Adaptive DML

Adaptive DML for binary-treatment ATE estimation.

Adaptive DML estimates the binary-treatment ATE by learning a treatment-effect summary, calibrating that one-dimensional score with isotonic regression, and debiasing within the induced working model.

  • Binary treatment only
  • ATE estimated through a scalar CATE summary
  • Isotonic calibration internally

What

Target and estimator

The target on this page is the binary-treatment ATE. calibrated_rlearner is the main adaptive mode: it uses the estimated CATE, meaning how treatment effects vary across units, as a scalar summary of effect heterogeneity and targets the ATE through the induced one-dimensional working model.

Target

Average treatment effect

The target parameter on this page is the ATE, not a general collection of adaptive estimands.

Working summary

Estimated CATE as a scalar reduction

The estimated CATE compresses the effect model to one dimension before calibration and debiasing.

Primary mode

calibrated_rlearner

This is the main adaptive path documented on this page.

How

Estimation steps

In the main documented path, a partially linear R-learner setup separates baseline outcome prediction from treatment-effect learning, then calibrates and debiases the learned effect summary.

Step 1

Fit nuisances and a preliminary CATE

Estimate the outcome and treatment-assignment functions, then fit a preliminary CATE.

Step 2

Calibrate along the estimated CATE

Use the estimated CATE as a one-dimensional summary and calibrate along that summary.

Step 3

Debias and average to the ATE

Debias in the adaptive working model and average to estimate the ATE.

Why

Overlap reduction

The key difference across estimators is how much inverse-overlap variation they allow. Fully nonparametric estimators vary with all of W, constant-effect partially linear models collapse to one regime, and the adaptive estimator varies only along the learned one-dimensional CATE summary.

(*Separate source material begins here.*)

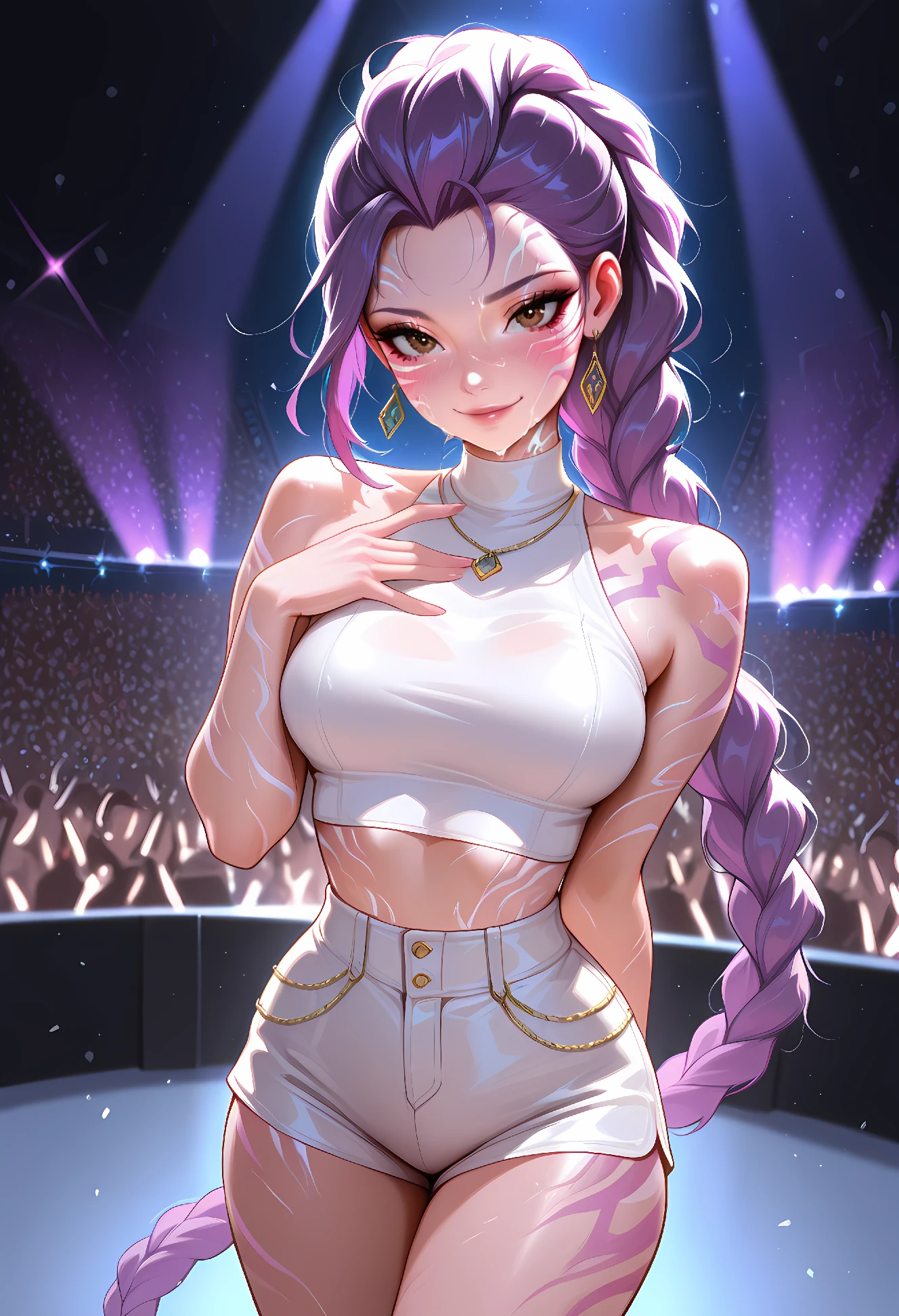 white croptop, short white shorts

Here, \( \pi(W) = \Pr(A=1 \mid W) \) is the propensity score and \( \tau(W) = \mathbb{E}[Y(1)-Y(0) \mid W] \) is the CATE.

Smaller effective overlap weights generally mean a more stable, lower-variance ATE estimator.

Fully nonparametric AIPW

Most flexible, strongest overlap demands

\[ \frac{1}{\pi(W)(1-\pi(W))} \]

This route allows rich heterogeneity but typically needs the most overlap and can have the highest variance.

Constant-effect PLM

Most structured, least overlap-sensitive

\[ \frac{1}{\mathbb{E}[\pi(W)(1-\pi(W))]} \]

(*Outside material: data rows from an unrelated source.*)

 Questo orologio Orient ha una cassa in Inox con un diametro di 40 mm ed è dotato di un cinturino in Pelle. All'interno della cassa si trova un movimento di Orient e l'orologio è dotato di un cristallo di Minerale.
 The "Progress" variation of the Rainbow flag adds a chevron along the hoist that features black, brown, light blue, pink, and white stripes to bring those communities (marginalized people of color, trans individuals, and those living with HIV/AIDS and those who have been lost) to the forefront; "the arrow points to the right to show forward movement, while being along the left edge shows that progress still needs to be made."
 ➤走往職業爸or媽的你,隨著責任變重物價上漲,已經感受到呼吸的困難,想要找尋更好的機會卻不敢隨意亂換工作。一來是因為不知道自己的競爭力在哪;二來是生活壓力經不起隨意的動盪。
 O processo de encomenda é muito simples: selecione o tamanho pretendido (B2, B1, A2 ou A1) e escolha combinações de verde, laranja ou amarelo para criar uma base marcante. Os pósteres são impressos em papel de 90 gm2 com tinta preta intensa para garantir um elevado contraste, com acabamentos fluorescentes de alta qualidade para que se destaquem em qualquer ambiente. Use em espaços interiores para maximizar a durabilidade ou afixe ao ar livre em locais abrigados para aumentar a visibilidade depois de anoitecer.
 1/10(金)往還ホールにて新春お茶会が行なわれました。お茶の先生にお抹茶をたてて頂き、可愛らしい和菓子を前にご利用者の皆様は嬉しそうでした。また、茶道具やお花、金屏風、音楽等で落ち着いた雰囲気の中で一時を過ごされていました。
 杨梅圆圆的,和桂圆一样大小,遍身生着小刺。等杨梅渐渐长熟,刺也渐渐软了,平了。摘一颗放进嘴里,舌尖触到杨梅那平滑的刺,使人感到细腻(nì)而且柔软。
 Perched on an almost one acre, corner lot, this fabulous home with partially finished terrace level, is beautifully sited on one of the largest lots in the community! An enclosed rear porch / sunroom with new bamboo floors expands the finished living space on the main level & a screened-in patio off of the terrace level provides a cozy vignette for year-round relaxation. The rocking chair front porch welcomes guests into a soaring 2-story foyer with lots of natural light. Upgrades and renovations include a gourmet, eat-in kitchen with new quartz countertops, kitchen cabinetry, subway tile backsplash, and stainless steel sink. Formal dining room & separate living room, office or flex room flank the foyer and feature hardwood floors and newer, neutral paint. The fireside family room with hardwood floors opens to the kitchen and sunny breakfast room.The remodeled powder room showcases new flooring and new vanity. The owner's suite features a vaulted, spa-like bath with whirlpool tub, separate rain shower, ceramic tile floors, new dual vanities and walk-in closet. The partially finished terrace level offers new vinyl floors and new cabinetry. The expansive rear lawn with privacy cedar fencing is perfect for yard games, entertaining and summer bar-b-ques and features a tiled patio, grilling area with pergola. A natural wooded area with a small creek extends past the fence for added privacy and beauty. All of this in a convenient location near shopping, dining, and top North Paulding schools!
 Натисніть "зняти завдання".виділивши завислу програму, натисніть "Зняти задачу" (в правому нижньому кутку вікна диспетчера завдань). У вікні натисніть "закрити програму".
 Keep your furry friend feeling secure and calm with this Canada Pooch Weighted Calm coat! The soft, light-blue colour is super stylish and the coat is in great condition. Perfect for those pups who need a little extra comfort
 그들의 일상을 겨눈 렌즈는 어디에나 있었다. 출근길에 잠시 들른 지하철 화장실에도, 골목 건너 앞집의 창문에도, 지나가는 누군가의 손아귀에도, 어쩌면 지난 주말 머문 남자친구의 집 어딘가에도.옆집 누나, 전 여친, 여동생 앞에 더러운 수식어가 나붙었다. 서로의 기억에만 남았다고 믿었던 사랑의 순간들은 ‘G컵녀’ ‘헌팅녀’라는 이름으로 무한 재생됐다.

This can work with much less overlap, but it can be biased if the constant-effect model is wrong.

Learned CATE model

Middle ground

\[ \frac{1}{\mathbb{E}[\pi(W)(1-\pi(W)) \mid \tau(W)]} \]

Adaptive DML uses the estimated CATE as a scalar reduction, so it is more structured than the nonparametric route while remaining more flexible than a constant-effect model.

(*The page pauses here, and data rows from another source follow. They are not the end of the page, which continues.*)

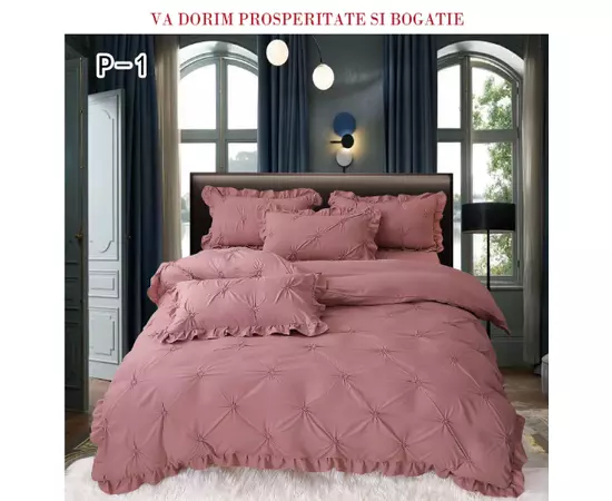 Lenjeria de Lux cu Pliuri și Volan, formată din 6 piese pentru pat dublu, reprezintă o expresie rafinată a eleganței și confortului în designul interior. Această lenjerie fină și sofisticată adaugă un aer de opulență și rafinament în orice dormitor.
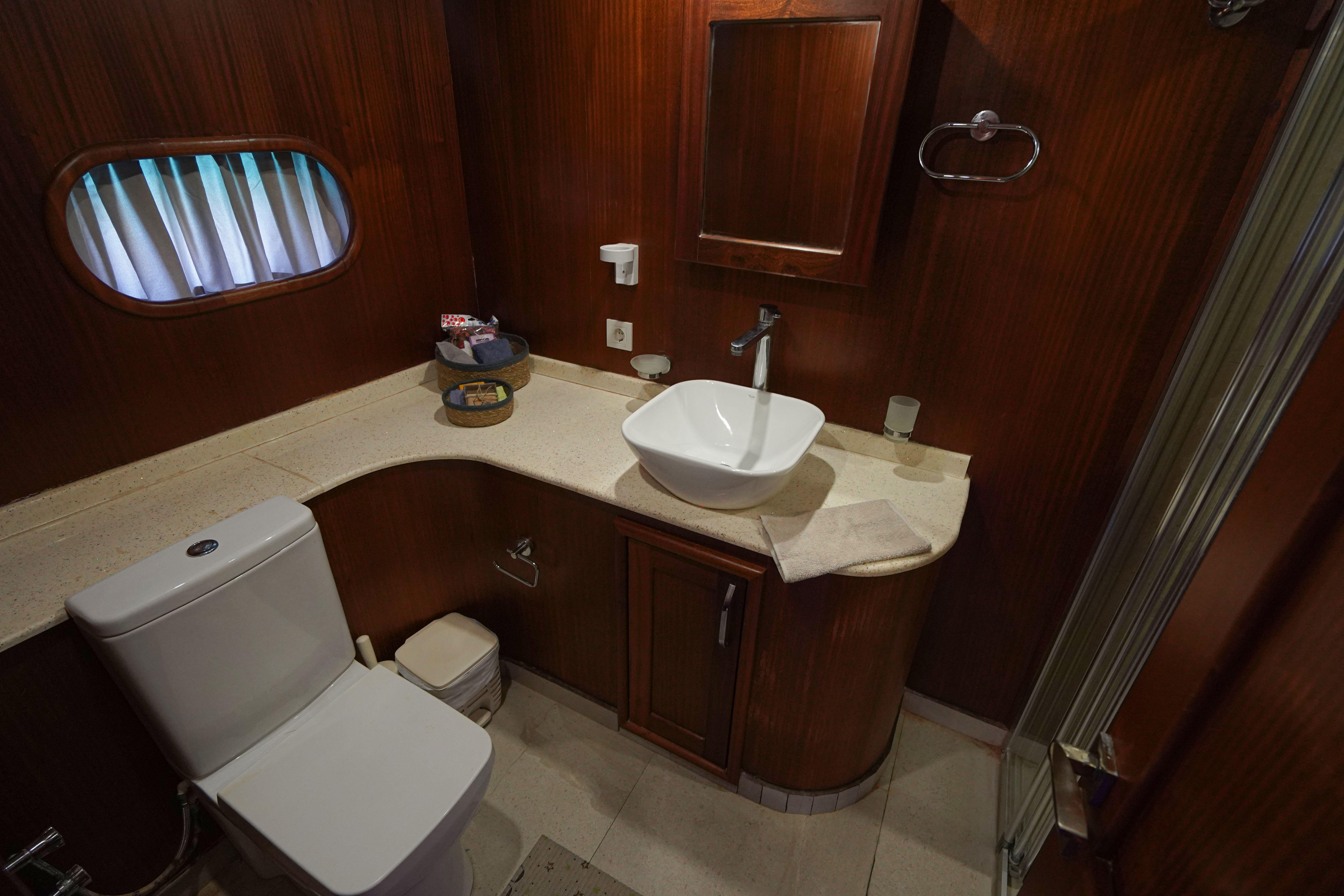 The gulet has 6 cabins: 2 master, 2 double, and 2 triple cabins. Each cabin is equipped with an LCD TV/DVD player, music system, air conditioning, bathroom with a shower cabin, toilet, hairdryer, bath and hand towels. The saloon features a comfortable seating area, table, LCD TV, and music system.
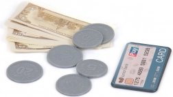 Le coffret comprend 41 pièces d’accessoires différentes, dont une machine à café, des tasses, un tamper, des pièces, des billets, une caisse enregistreuse et un présentoir à pâtisseries.
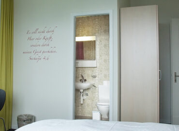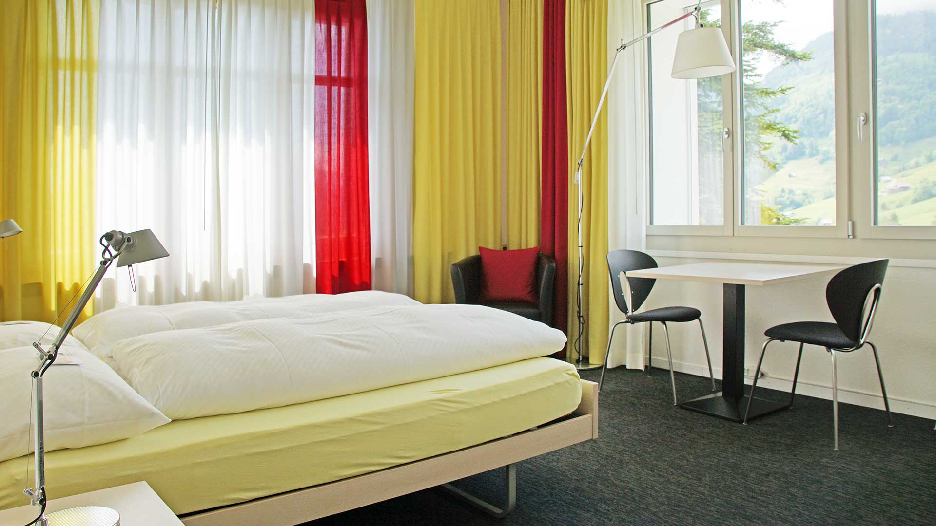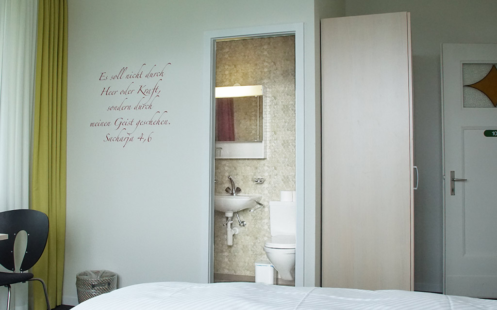 Grosszügige und helle Doppel- oder Zweibettzimmer mit Südsicht und eigenem Badezimmer mit Dusche.

The adaptive estimator reduces the relevant overlap problem from the full covariate space to variation along the learned CATE summary. When that summary captures the treatment-effect structure well, this can substantially reduce variance. In favorable cases, this yields the super-efficiency phenomenon studied in the paper: lower variance than the fully nonparametric estimator at those truths.

When

When it can help

Adaptive DML is mainly worth considering when overlap is too weak for reliable or precise fully nonparametric inference and the CATE may be close to constant or well-approximated by a simpler one-dimensional effect structure.

Weak overlap is the main use case

This page is most relevant when the fully nonparametric route is unstable because inverse-overlap weights are too variable.

Constant-effect models are nested inside it

Constant-effect models are contained in the adaptive working model, so the estimator adapts naturally when the CATE is close to constant.

Inference theory is model-based

Inference is based on the adaptive working model. The theory treats the learned reduction as approximating an oracle model built from the true CATE-based reduction; see the paper for the formal conditions.

Modes

Modes

The package exposes two adaptive modes for binary-treatment ATE estimation.

Primary mode

calibrated_rlearner

Uses the estimated CATE as the adaptive one-dimensional summary for calibration and debiasing.

Alternative mode

plugin

Uses the outcome regression as the adaptive summary instead.

Python

AdaptiveCalibratedDML

Set mode="calibrated_rlearner".

R

adaptive_calibrated_dml()

Set mode = "calibrated_rlearner".

References

References

Key references for the adaptive estimator.